When I complain about the little chatterer, my husband laughs. He's the one who usually gets stuck with the tagalong on our family bike rides.
"I just don't answer him," he says. "Pretty soon he shuts up."
He's a good guy, my husband, and a practical one. But I think I'm wired differently. Words make me respond—it's the writer in me, the pedant. Words are luscious things, not just chit-chat or time-fillers, and despite every drip of sweaty frustration with the chatterer these past few days, I know that words have weight for Nick, too. They are himself: Look at me, look at me, what do you think? Am I funny? Am I fabulous? Will you always love me? Can we get married? Will I be famous someday?
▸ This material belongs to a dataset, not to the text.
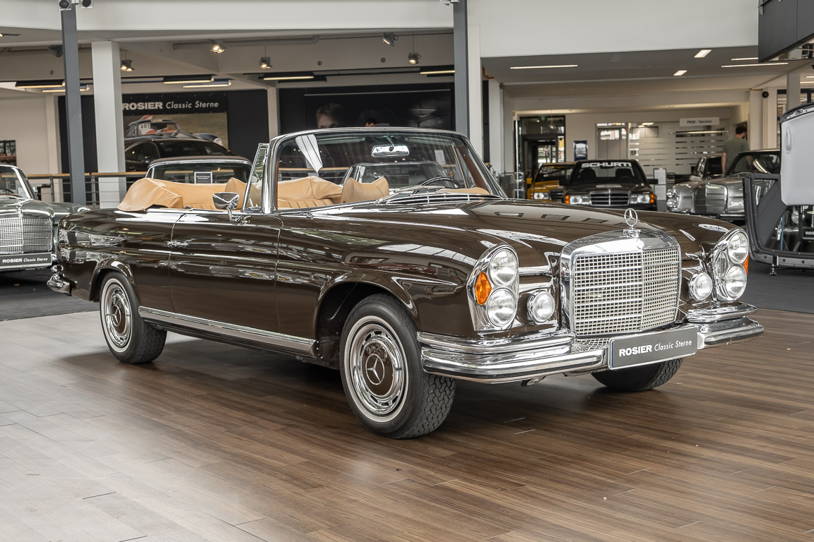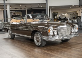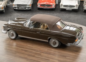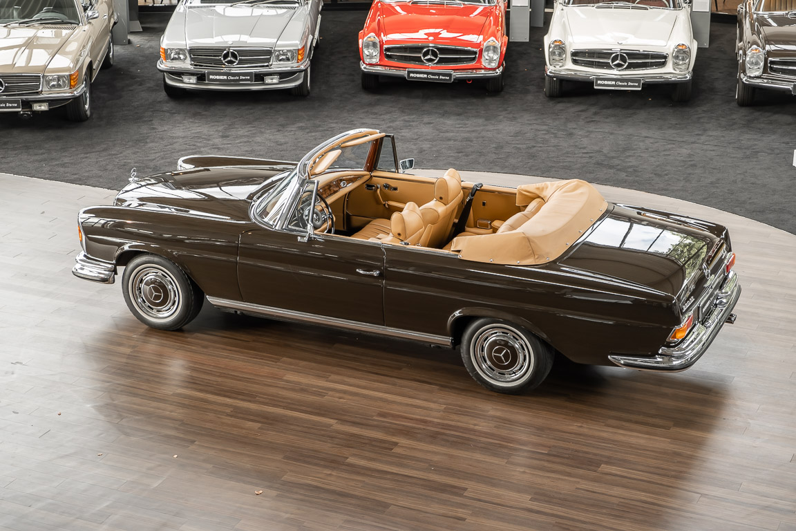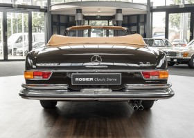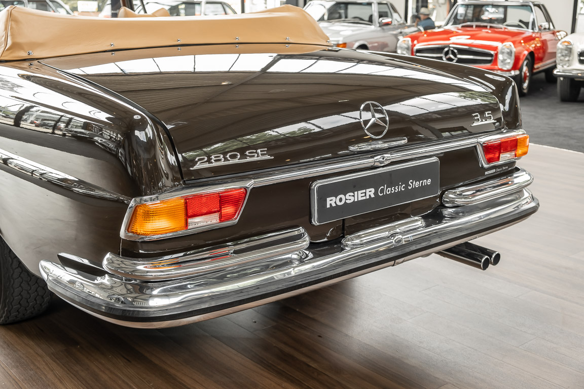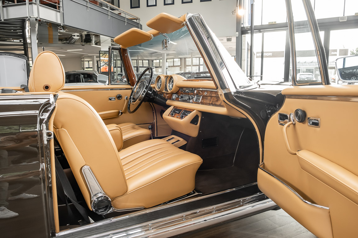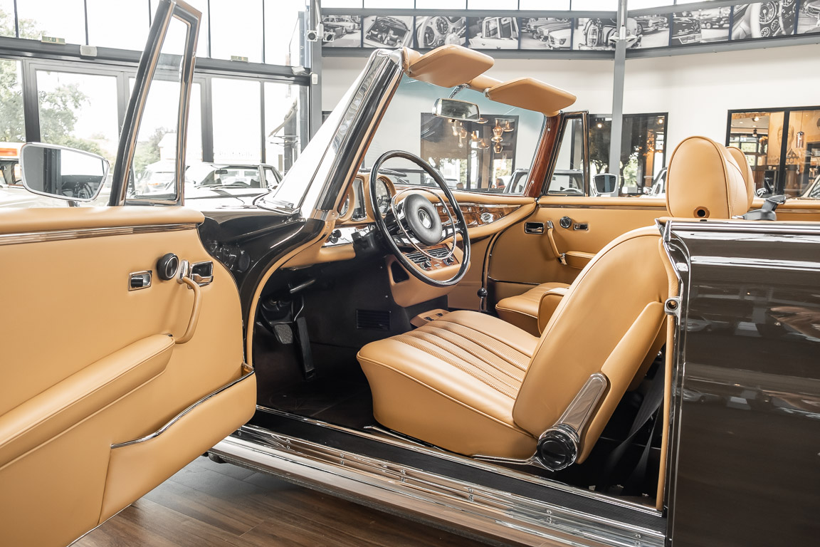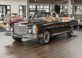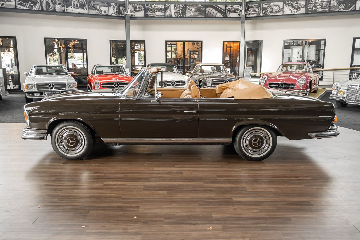 Dieses elegante 280SE 3.5 Liter Cabriolet wurde im Frühjahr 1971 bei Mercedes-Benz in Deutschland fertiggestellt und nach South Carolina/USA verschifft. Die Ausstattung war exzellent und umfasste ein Becker Radio, Klimaanlage aus dem Hause BEHR und Automatik Getriebe mit Mittelschaltung. Der Erstbesitzer hatte den Wagen in elegantem Tabakbraun in Verbindung mit cognacfarbenem Lederinterieur geordert, das mit der dunkelbraunen Wurzelholzausführung des  Armaturenbretts besonders harmoniert. Das elegante Cabriolet blieb lange Jahre in South Carolina und fand in 2012 seinen Weg nach Georgia/USA. Von dort kam der Wagen in 2014 nach Deutschland und wurde über die Mercedes-Benz Niederlassung in Hannover an seinen bisherigen Besitzer verkauft. Der Wagen wurde sorgfältig überarbeitet und erhielt in diesem Zug eine neue Lederausstattung in feinster Qualität. Sie unterstreicht eindrucksvoll die schier unendliche Eleganz dieses 280 SE 3.5 Liter Cabriolets. Machen Sie sich am besten selbst ein Bild in unseren Räumlichkeiten, Sie werden begeistert sein.

It's amazing, really, being privy to so much that's usually private in adults. Once, as I was wrestling with the bike locks, Nick tugged my arm.
"Mom?"
"What?"
"Why do people like me?"
I wanted to melt, and not from the heat. "Because you have great ideas," I said. "Because you're funny."
Nick kept looking up at me, as if unconvinced.
Because you're you, I thought.
OK, I love this child. Maybe expecting a family vacation to be a vacation is a fool's errand. Maybe vacation is the wrong word. It's more like moments of being—strings of shiny shells interspersed with stinking seaweed and whiny requests for ice cream.
On one of our first mornings here, Nick crept into bed with us, snuggling against me, and fell right back to sleep. I held my husband's hand, and he squeezed mine, as if transmitting his warmth to me and to Nick, who was silent for once, blessedly silent.But I realized later, during another tagalong monologue—You know the thing I like best? Mom? Living!—that by listening to children, we affirm who they are. Listening is as important as touch; it gives them the freedom to shout and argue and annoy and bedazzle.
I try to explain what a rutabaga is or why China has colonized Tibet. I tell my little chatterer that I love life, too, although I'm not sure it would be my number-one choice if I had to live without the people I love.
LC says, "Yeah." Then he cracks a joke, putting on his Boris Badenov accent.
I know that I can't protect my son from all harm. But I can inoculate him against despair. And if I do—please, God, yes! I love living!—perhaps I can also inoculate myself.